Exercise objective ▸
Please reproduce the data exactly, though every picture must stay out.

Input ▸
────────────────────────────────────────
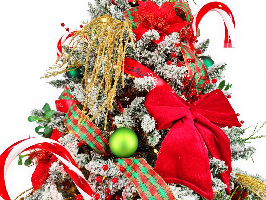 Stromečku vévodí tradiční vánoční barvy - červená, zelená a zlatá, které vytvářejí nezaměnitelnou atmosféru radosti.
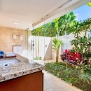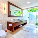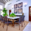 The villa’s indoor and outdoor living areas provide various options for relaxation. The indoor living room, complete with central air conditioning and comfortable seating, offers a quiet space for reading or unwinding. The outdoor living area, with plush sofas and dining tables, provides an ideal setting for enjoying meals or socializing while surrounded by the beauty of nature. Whether you prefer the cool comfort of the indoors or the open-air luxury of the outdoors, Villa del Mar is designed to offer an unforgettable experience of Caribbean elegance. From the stunning views to the impeccable service, every detail at Villa del Mar is crafted for an unparalleled stay.
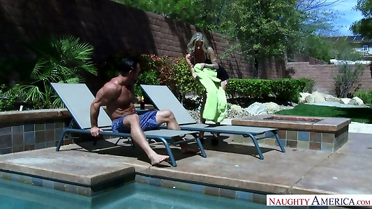 Mature mummy with good-sized juggs lures and ravages a poolboy
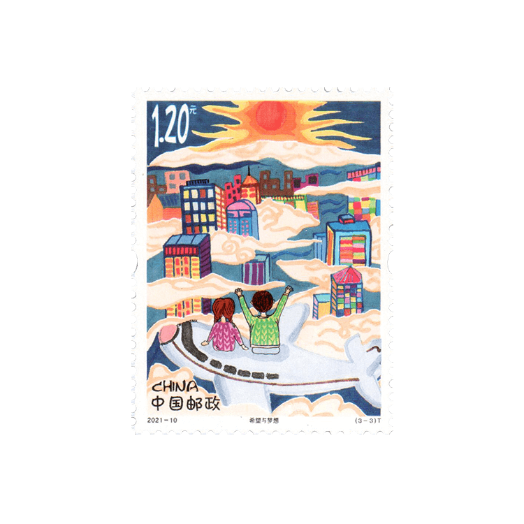 该套邮票的表现内容为:(1)我的中国梦;(2)国粹之韵;(3)希望与梦想。第一枚通过描绘我国航空航天事业、城市、交通网络繁荣发展等场景,表达了少年儿童不断追寻对宇宙探索的梦想以及对未来美好生活的想象与憧憬;第二枚描绘了传统文化与城市发展、现代科技共繁荣的场景,表达了新时代的少年儿童对中华优秀传统文化的追求和传承;第三枚描绘了伟大祖国不断发展的场景,少年儿童登高望远、憧憬未来。三枚邮票紧密围绕主题,展现出少年儿童对党的领导下伟大祖国的美好祝愿、热爱和自豪。
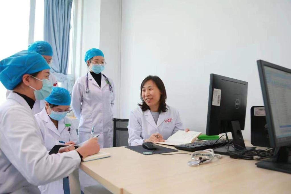 北京兒童醫院腎病科副主任周楠在保定院區與醫護人員一起交流探討。(受訪(fǎng)者供圖)
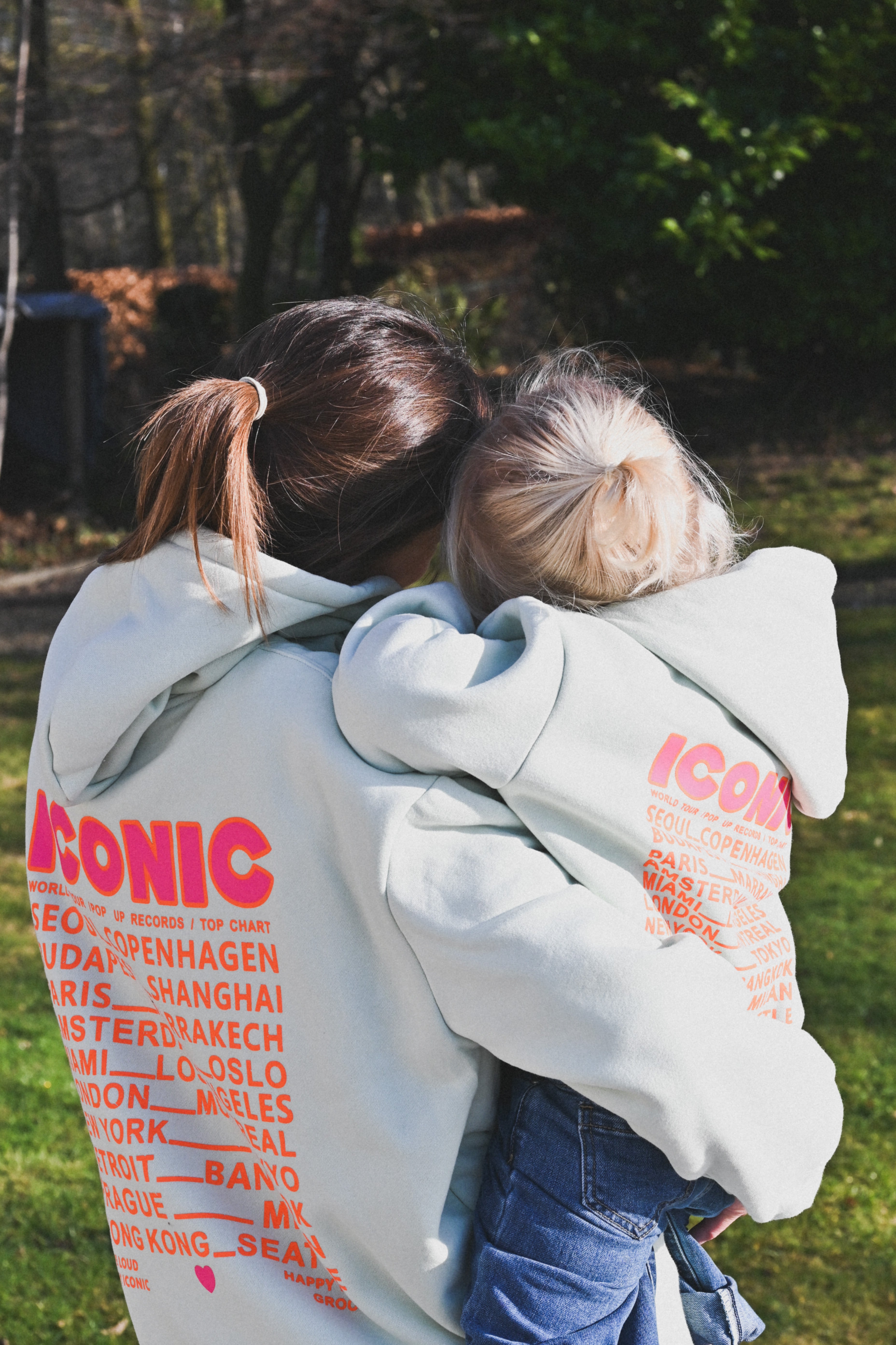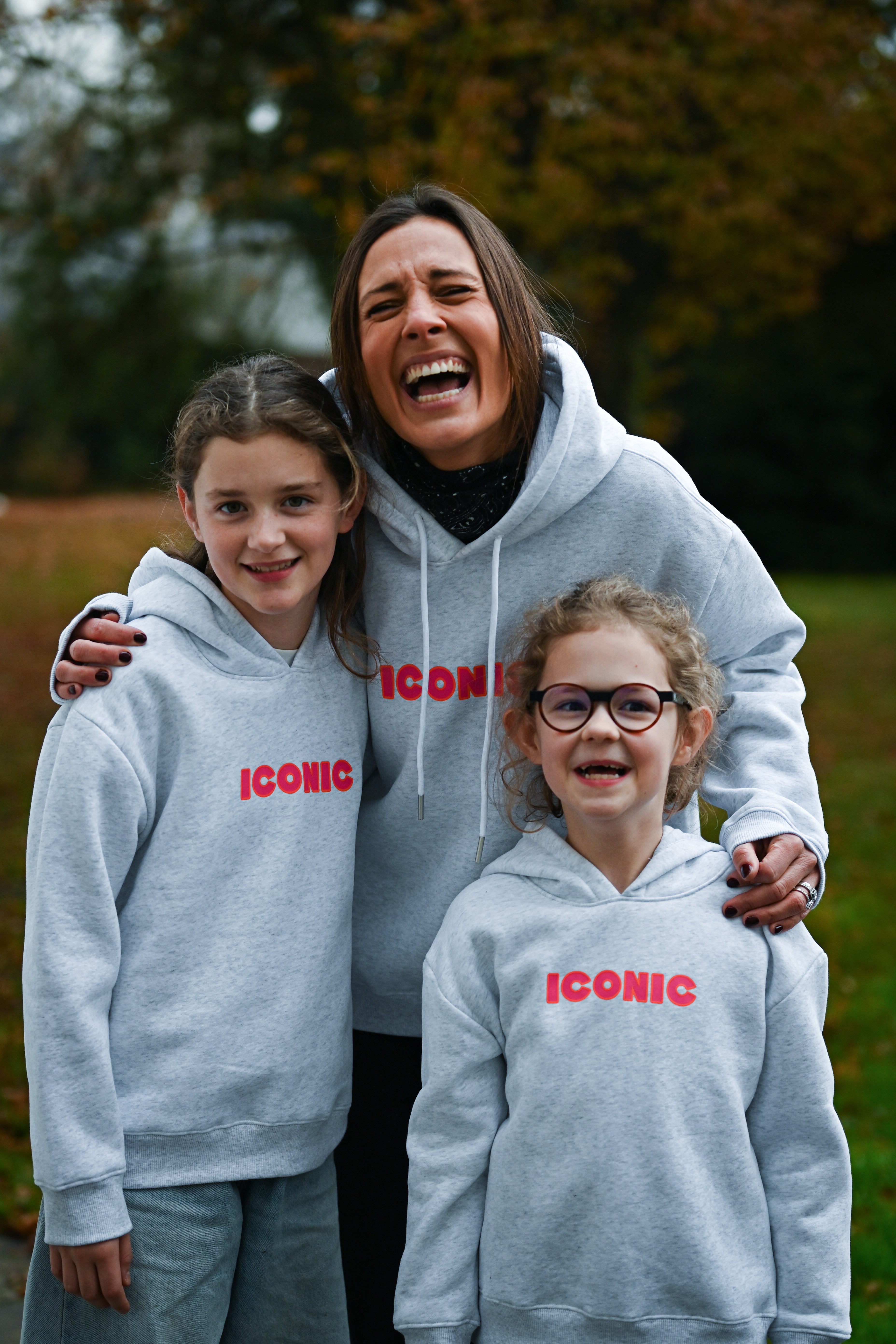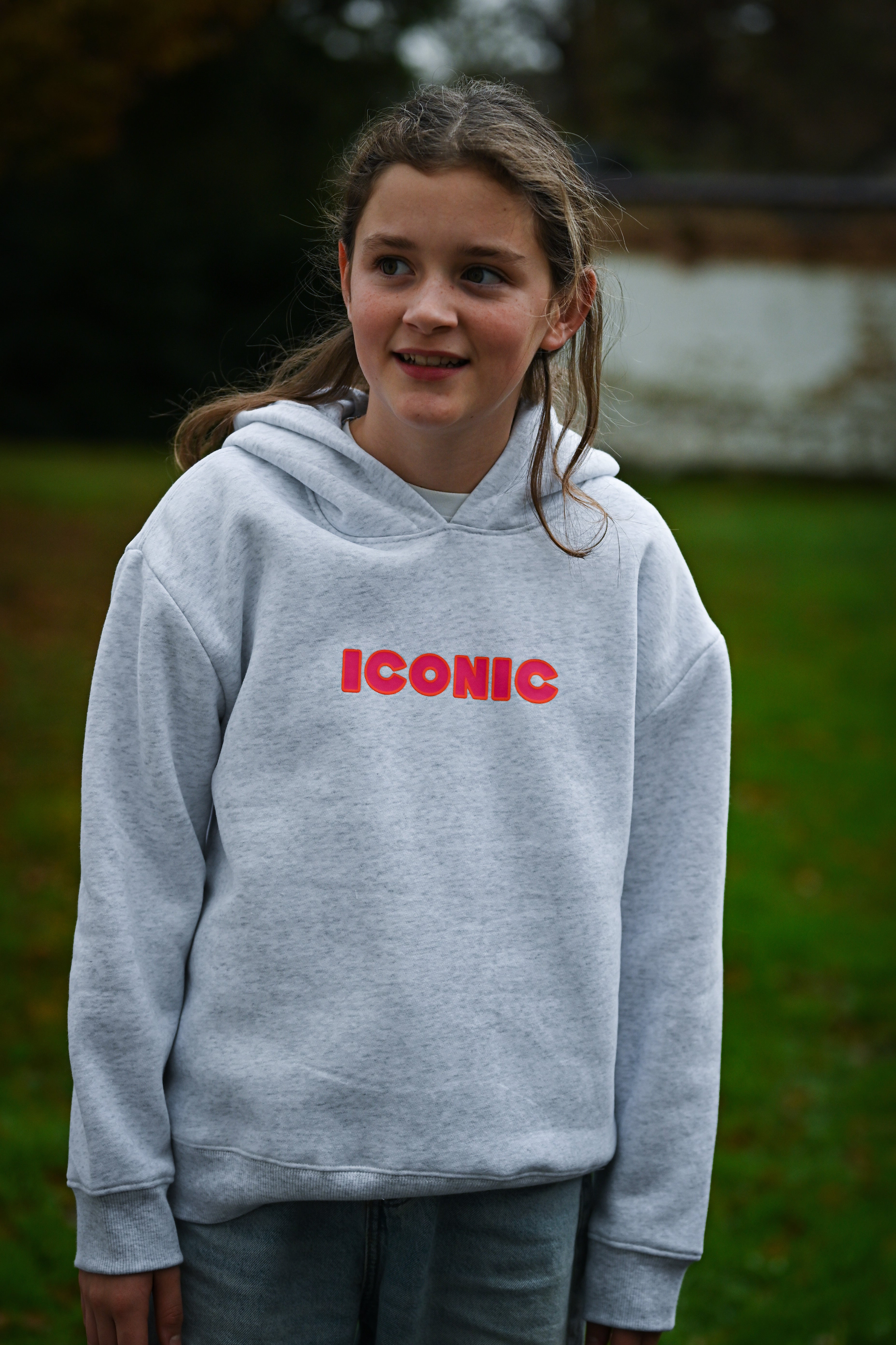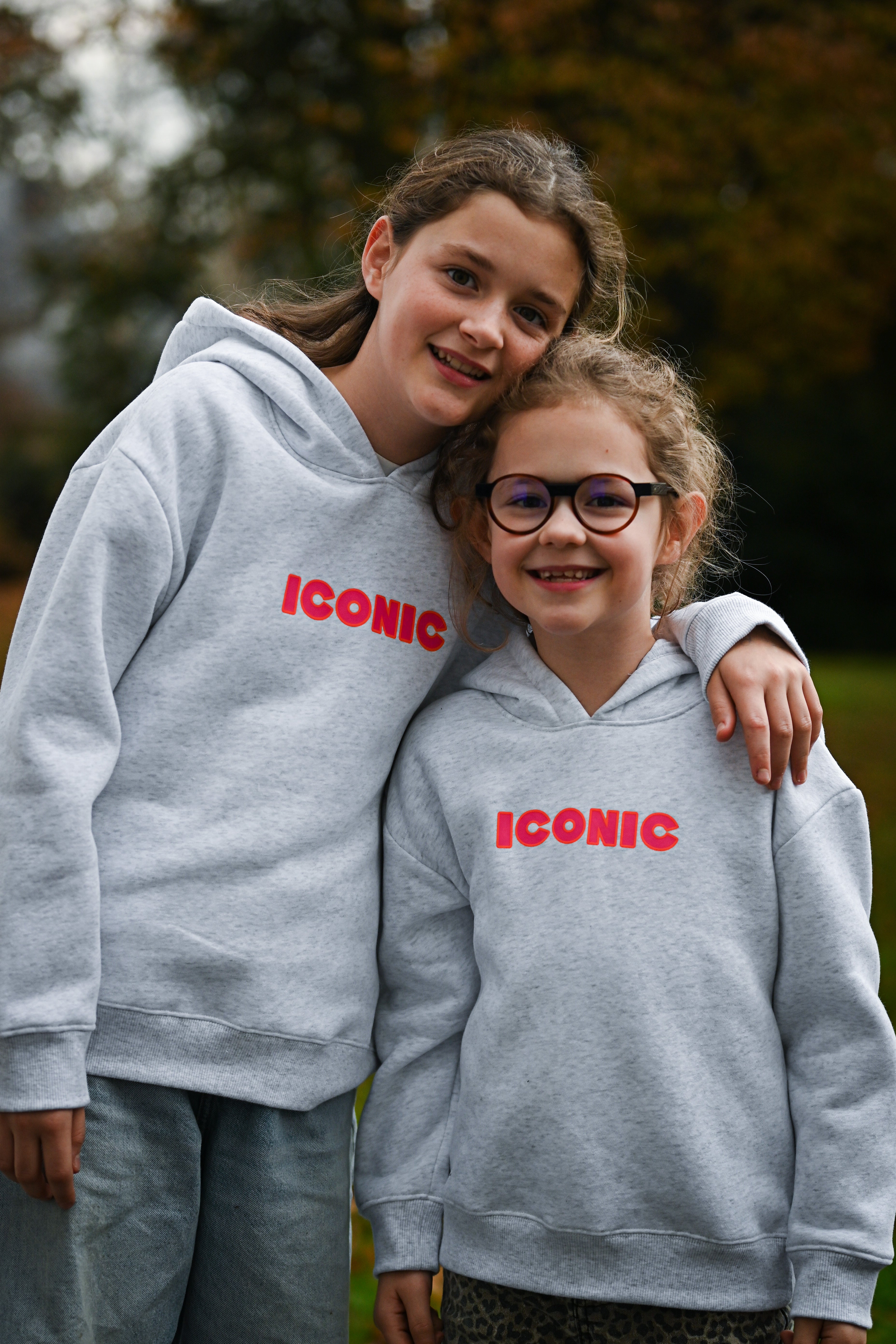 Le sweat ICONIC se distingue par ses inscriptions à l'avant et au dos et sa capuche. Disponible en tailles S, M, L et XL pour adultes, ainsi que de la taille 4 à 16 ans pour enfants, il offre un style assorti pour toute la famille.
────────────────────────────────────────
Output below ▸
 Stromečku vévodí tradiční vánoční barvy - červená, zelená a zlatá, které vytvářejí nezaměnitelnou atmosféru radosti.
 The villa’s indoor and outdoor living areas provide various options for relaxation. The indoor living room, complete with central air conditioning and comfortable seating, offers a quiet space for reading or unwinding. The outdoor living area, with plush sofas and dining tables, provides an ideal setting for enjoying meals or socializing while surrounded by the beauty of nature. Whether you prefer the cool comfort of the indoors or the open-air luxury of the outdoors, Villa del Mar is designed to offer an unforgettable experience of Caribbean elegance. From the stunning views to the impeccable service, every detail at Villa del Mar is crafted for an unparalleled stay.
 Mature mummy with good-sized juggs lures and ravages a poolboy
 该套邮票的表现内容为:(1)我的中国梦;(2)国粹之韵;(3)希望与梦想。第一枚通过描绘我国航空航天事业、城市、交通网络繁荣发展等场景,表达了少年儿童不断追寻对宇宙探索的梦想以及对未来美好生活的想象与憧憬;第二枚描绘了传统文化与城市发展、现代科技共繁荣的场景,表达了新时代的少年儿童对中华优秀传统文化的追求和传承;第三枚描绘了伟大祖国不断发展的场景,少年儿童登高望远、憧憬未来。三枚邮票紧密围绕主题,展现出少年儿童对党的领导下伟大祖国的美好祝愿、热爱和自豪。
 北京兒童醫院腎病科副主任周楠在保定院區與醫護人員一起交流探討。(受訪(fǎng)者供圖)
 Le sweat ICONIC se distingue par ses inscriptions à l'avant et au dos et sa capuche. Disponible en tailles S, M, L et XL pour adultes, ainsi que de la taille 4 à 16 ans pour enfants, il offre un style assorti pour toute la famille.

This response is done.